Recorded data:
◆ ◆ ◆ ◆

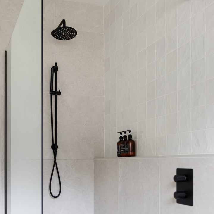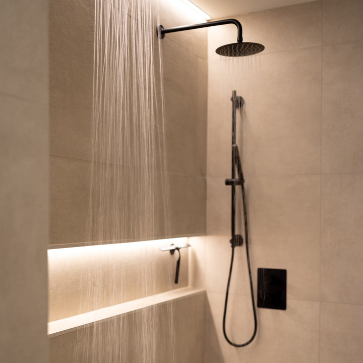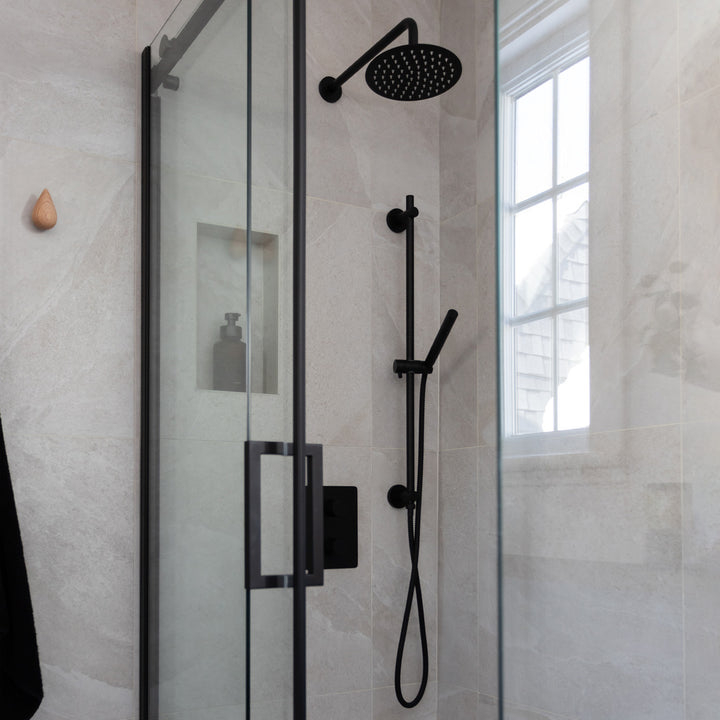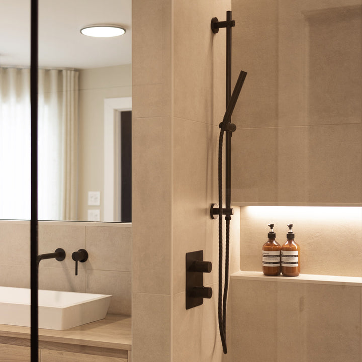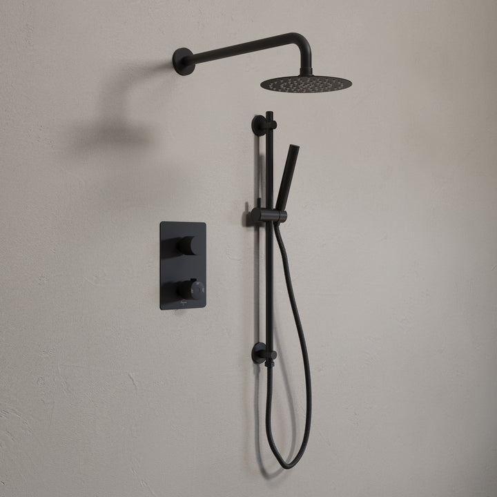 Ensemble de douche thermostatique: pomme de douche, douchette sur rail et valve avec fini noir mat
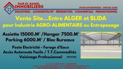Aux environs de BOUFARIK.. Vend un Top site pour INDUSTRIE Agro-Alimentaire ou Entreposage.. Superficie Totale 15000.M².. Top Hangar de 7500.M.. Réalisé suivant les Normes.. Parking 6000.
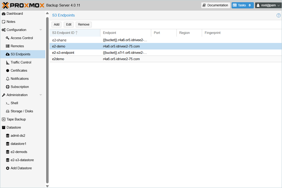 - Select S3 Endpoints under Configuration and then click Add to add your IDrive e2 cloud as a new S3 Endpoint.
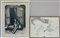 Lotto composto da un disegno a pastello nero raffigurante una ragazza, e un disegno a matita raffigurante scarpe e cintura, di autori differenti (cm 35x50), in cornici (lievi difetti)
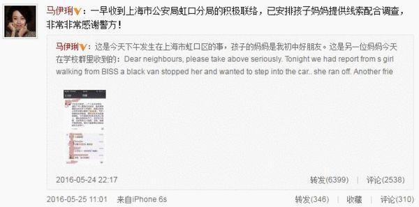 今日,马伊琍又发微博称:“一早收到上海市公安局虹口分局的积极联络,已安排孩子妈妈提供线索配合调查,非常非常感谢警方!”
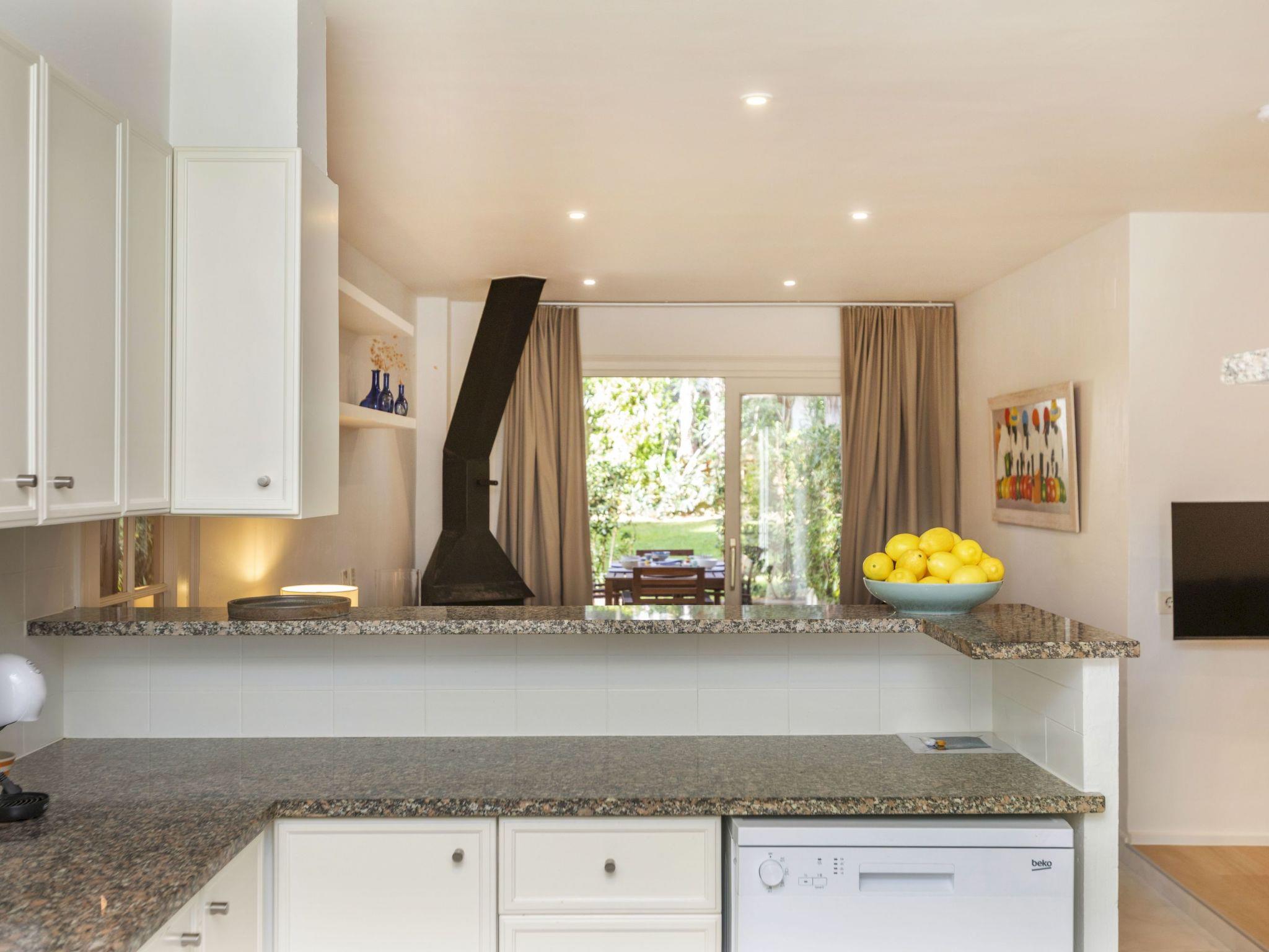 "Country Club family garden big terrace", 4-room apartment 88 m2, on the upper ground floor. Practical and beautiful furnishings: living/dining room with open-hearth fireplace (only for decoration), satellite TV. Exit to the terrace. 1 room with 1 french bed (160 cm, length 200 cm), fan. 1 room with 2 beds (90 cm, length 200 cm), fan. 1 room with 1 french bed (180 cm, length 200 cm), fan. Open kitchen (oven, dishwasher, 3 induction hot plates, toaster, kettle, microwave, electric coffee machine). Bath/WC, shower/WC. Large terrace. Terrace furniture (2). Facilities: washing machine, iron, children's high chair, baby cot for up to 2 year olds, hair dryer. Internet (WiFi, free). Parking at the house. Please note: non-smoking house. HUTG-003370 // Reg. Nr.: ESFCTU00001700700007494900000000000000000HUTG-0033706
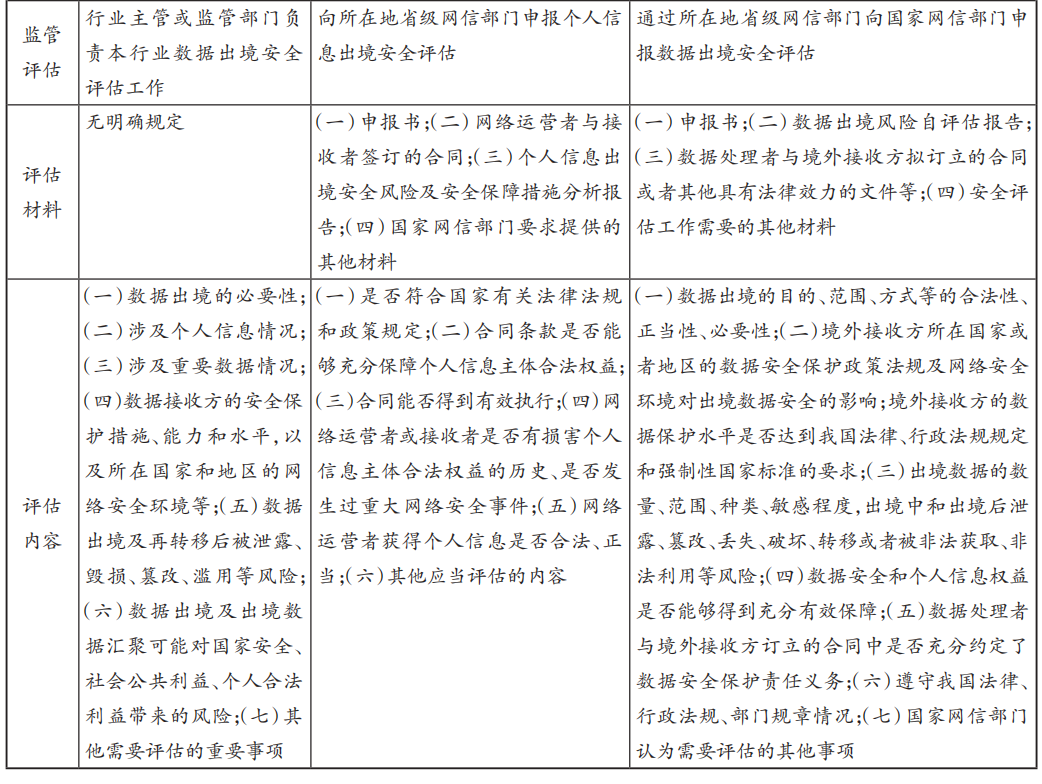 由上述比较可得以下五点结论。第一,关键信息基础设施运营者处理的个人信息出境安全评估的现有规范均采“自行评估+监管评估”的双层结构,且2019年以来的两部办法都把自行评估报告纳入监管评估申请材料。第二,自行评估的内容愈渐充实,2021年的最新规定包括:(1)数据出境的合法性、正当性及必要性;(2)数据出境对安全和个人权益带来的风险;(3)保障措施的有效性。第三,监管评估的主要内容虽有细微差异,但都包括如下三点:(1)数据出境的合法性、必要性、正当性;(2)数据出境对安全和个人权益造成的风险;(3)安保措施的有效性。第四,自行评估和安全评估的内容高度一致,区别主要在于评估主体不同。第五,自行评估与个人信息保护影响评估的内容也基本相同。

◆ ◆ ◆ ◆

• **Problem requirements**: Give the entries above again word for word, without any pictures.

• **Answer to this exercise**:
 Ensemble de douche thermostatique: pomme de douche, douchette sur rail et valve avec fini noir mat
Aux environs de BOUFARIK.. Vend un Top site pour INDUSTRIE Agro-Alimentaire ou Entreposage.. Superficie Totale 15000.M².. Top Hangar de 7500.M.. Réalisé suivant les Normes.. Parking 6000.
 - Select S3 Endpoints under Configuration and then click Add to add your IDrive e2 cloud as a new S3 Endpoint.
 Lotto composto da un disegno a pastello nero raffigurante una ragazza, e un disegno a matita raffigurante scarpe e cintura, di autori differenti (cm 35x50), in cornici (lievi difetti)
 今日,马伊琍又发微博称:“一早收到上海市公安局虹口分局的积极联络,已安排孩子妈妈提供线索配合调查,非常非常感谢警方!”
 "Country Club family garden big terrace", 4-room apartment 88 m2, on the upper ground floor. Practical and beautiful furnishings: living/dining room with open-hearth fireplace (only for decoration), satellite TV. Exit to the terrace. 1 room with 1 french bed (160 cm, length 200 cm), fan. 1 room with 2 beds (90 cm, length 200 cm), fan. 1 room with 1 french bed (180 cm, length 200 cm), fan. Open kitchen (oven, dishwasher, 3 induction hot plates, toaster, kettle, microwave, electric coffee machine). Bath/WC, shower/WC. Large terrace. Terrace furniture (2). Facilities: washing machine, iron, children's high chair, baby cot for up to 2 year olds, hair dryer. Internet (WiFi, free). Parking at the house. Please note: non-smoking house. HUTG-003370 // Reg. Nr.: ESFCTU00001700700007494900000000000000000HUTG-0033706
 由上述比较可得以下五点结论。第一,关键信息基础设施运营者处理的个人信息出境安全评估的现有规范均采“自行评估+监管评估”的双层结构,且2019年以来的两部办法都把自行评估报告纳入监管评估申请材料。第二,自行评估的内容愈渐充实,2021年的最新规定包括:(1)数据出境的合法性、正当性及必要性;(2)数据出境对安全和个人权益带来的风险;(3)保障措施的有效性。第三,监管评估的主要内容虽有细微差异,但都包括如下三点:(1)数据出境的合法性、必要性、正当性;(2)数据出境对安全和个人权益造成的风险;(3)安保措施的有效性。第四,自行评估和安全评估的内容高度一致,区别主要在于评估主体不同。第五,自行评估与个人信息保护影响评估的内容也基本相同。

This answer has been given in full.